• Given data:
^^^^^^^^^^^^^^^^

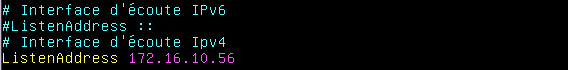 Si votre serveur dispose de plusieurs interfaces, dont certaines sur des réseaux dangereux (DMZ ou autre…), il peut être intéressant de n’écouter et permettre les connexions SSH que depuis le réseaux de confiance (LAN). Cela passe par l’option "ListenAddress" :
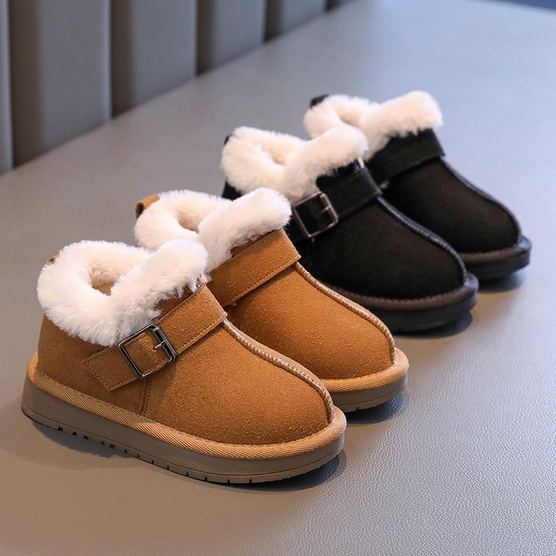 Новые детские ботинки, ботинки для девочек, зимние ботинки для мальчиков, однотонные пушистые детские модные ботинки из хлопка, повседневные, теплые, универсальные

^^^^^^^^^^^^^^^^

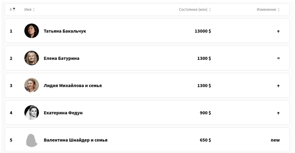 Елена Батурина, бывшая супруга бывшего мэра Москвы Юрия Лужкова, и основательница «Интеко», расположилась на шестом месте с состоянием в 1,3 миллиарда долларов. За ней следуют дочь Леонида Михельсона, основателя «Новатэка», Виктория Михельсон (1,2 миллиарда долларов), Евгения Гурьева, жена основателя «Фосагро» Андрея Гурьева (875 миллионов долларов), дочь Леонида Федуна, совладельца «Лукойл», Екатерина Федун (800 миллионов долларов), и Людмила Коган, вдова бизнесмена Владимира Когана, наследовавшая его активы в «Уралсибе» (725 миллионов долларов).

^^^^^^^^^^^^^^^^

• Task details: Using the listing above, repeat word for word each line from the one with "Si votre serveur" down to the one with "Новые детские ботинки, ботинки", both included. Omit all pictures.

• Finished exercise:
 Si votre serveur dispose de plusieurs interfaces, dont certaines sur des réseaux dangereux (DMZ ou autre…), il peut être intéressant de n’écouter et permettre les connexions SSH que depuis le réseaux de confiance (LAN). Cela passe par l’option "ListenAddress" :
 Новые детские ботинки, ботинки для девочек, зимние ботинки для мальчиков, однотонные пушистые детские модные ботинки из хлопка, повседневные, теплые, универсальные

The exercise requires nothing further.